RETURN OF THE LIVING DAD by Kate Orman
Story 53

Synopsis:
Bernice meets someone who fought alongside her father, Isaac, on his last mission, and summons the Doctor so she can check it out. They witness his vessel, the
Tisiphone, disappear into a warp, and the TARDIS follows, landing in Little Caldwell, 1983, where Isaac runs a drop-in place for relocating stranded aliens. Soon after, a Lacaillan goes AWOL, and the TARDIS goes missing. The Doctor gets attacked in Newbury by a couple of Caxtarids who blame him for mucking things up on their planet. He's rescued, but they're kidnapped by people working at a secret base. These people are xenophobic and manage to kidnap Chris. Having already killed the missing Lacaillan, and the two Caxtarids, it takes a concerted effort to track Chris down alive. The Doctor then finds the real thief of the TARDIS is Isaac's aide, Albinex, a warmongering Navarino, who manages to force the Doctor to reveal the codes for the world's nuclear weapons. The Doctor exposes Isaac as being in on it, to Bernice's disgust. Isaac plans a small war to ensure humanity defeats the Daleks in 2154. But Albinex is working for the Daleks. The Doctor manages to stop him, and the missile is diverted to destroy the Dalek scoutship in orbit. The Doctor pulls strings to make sure Little Caldwell's operation remains unaffected.
Review:-
Just when you thought you'd finally seen the back of Bernice Summerfield...
The dilemma with own-generated companions in series like these is that the writers become too fond of them to let them go. This is a mistake, and this book shows how and why. Less a plot than a collection of contrivances, Bernice comes back to the fore when she finally tracks down her missing father. Rather than leave this detail as a loose end, we get a whole book where the Doctor thinks Isaac is up to no good, and would you believe it? He's right!
So it turns out that in a sleepy English village, Isaac Summerfield runs an operation to send home stranded aliens, often the results of the Doctor's own efforts to prevent alien takeover. Despite this having gone on for 20 years, the Doctor has never known about it. Hmm...

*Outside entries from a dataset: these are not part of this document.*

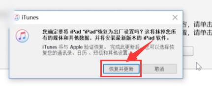 6.然后提示接下来会恢复出厂设置,也就是说ipad里的东西可能会被清除,没办法,只能选择恢复并更新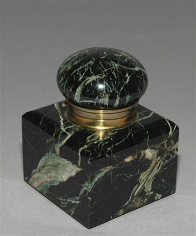 ENCRIER en MARBRE vert Sainte Anne des Pyrénées de forme cubique. Il est fermé par bouchon charnière serti par bagues laiton doré sur un godet.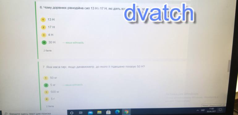 6. Якщо дві сили направлені в один напрямок, ми їх додаємо, тому: 13Н + 17Н = 30Н 7. P=mg m=P/g m=50/10=5кг Відповідь: 5 кг 11. Сила Архимеда: Fa=po(воды) gV V=Fa/pog=10/1000×10=0,001м3 Маса міді m=po(міді)/ )×V ро(меди)=8,9г/см3=8900кг/м3 m=8900×0,001=8,9кг Відповідь: 8,9 кг 12. 1 Знайдемо тиск на глибині 80 см Р= pо*g*h=1000*10*0,8=8000 Па 2 знайдемо площу пластини S= 0,02м*0,1м= 0,002 м кв. 3 знайдемо силу тиску на пластину F=P*S= 8000*0,002=16 Н Відповідь: 16 Н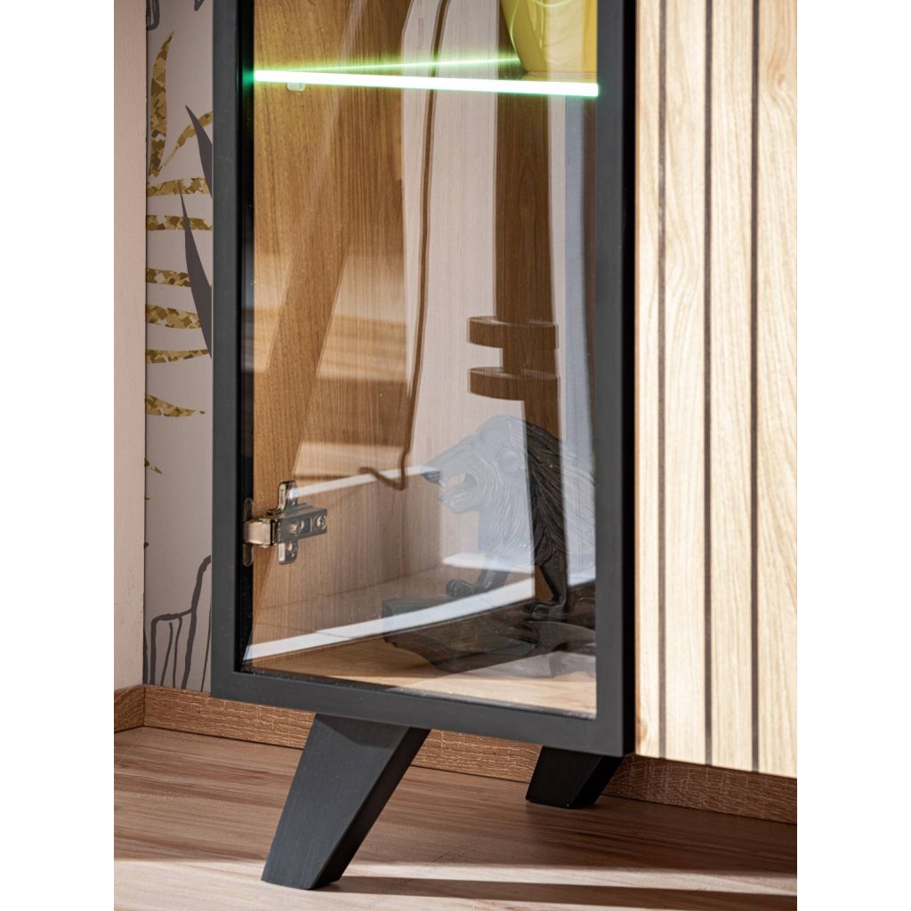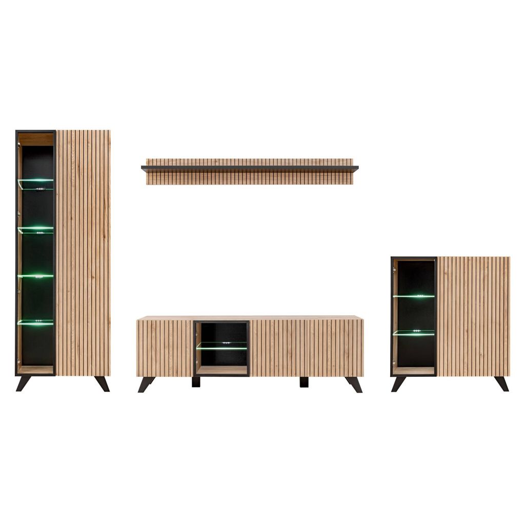 - Obývacia stena LIAM s vysokou vitrínou, TV stolíkom, závesnou policou a nízkou vitrínou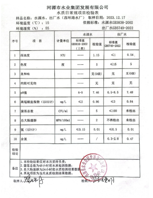 2023年12月17日水質(zhì)檢驗(yàn)報(bào)告 ???

Fluke follows fluke in this book, perhaps simply more obviously than is usually the case in this range. Bernice just so happens to meet someone who knew her father before he disappeared, allowing her to call in the Doctor, despite surely having been able to do so at any point during her stay in the TARDIS! This then leads to 1983, and an alien goes missing, the TARDIS goes missing, and a peculiar ghost-hunter turns up, who just so happens to be a xenophobic nit who worked at the establishment which held the Doctor captive way back in 1969, in Kate's first NA,
The Left-Handed Hummingbird. This nodding back is something that happens repeatedly in this book, as if someone suddenly felt so niggled by accusations of loose ends that they decided to tie things up. There are also heavy references to the TVM, since that effectively spelt the end for this book range. Probably of more value is the continuation of the relationship between Chris and Roz, as they make plain their feelings for each other.
Of course, whilst Isaac isn't as kosher as he claims, he's being duped as well, by the naughty Navarino, Albinex. Amusingly, we are asked to believe he's working for the Daleks, who were notoriously absent from the NAs because Terry Nation wouldn't let them be used. They're only referred to sparingly, so it sort of works, and the inconveniently launched missile is used to put a stop to them.
Isaac is taught his lesson, Bernice and Jason make a new base, and the Doctor, Chris and Roz return to their travels and the psi-powers mystery, which is about to really heat up...
As a valid story in its own right, this book is too meagre to satisfy. As a self-indulgent bunch of in-jokes, and gratuitous waving to friends in the audience, this book is an insult. The promising and imaginative writer seen in earlier NAs seemed to have lost her edge. Sadly, there were still more to come from her...
Disclaimer: I own a copy of this book.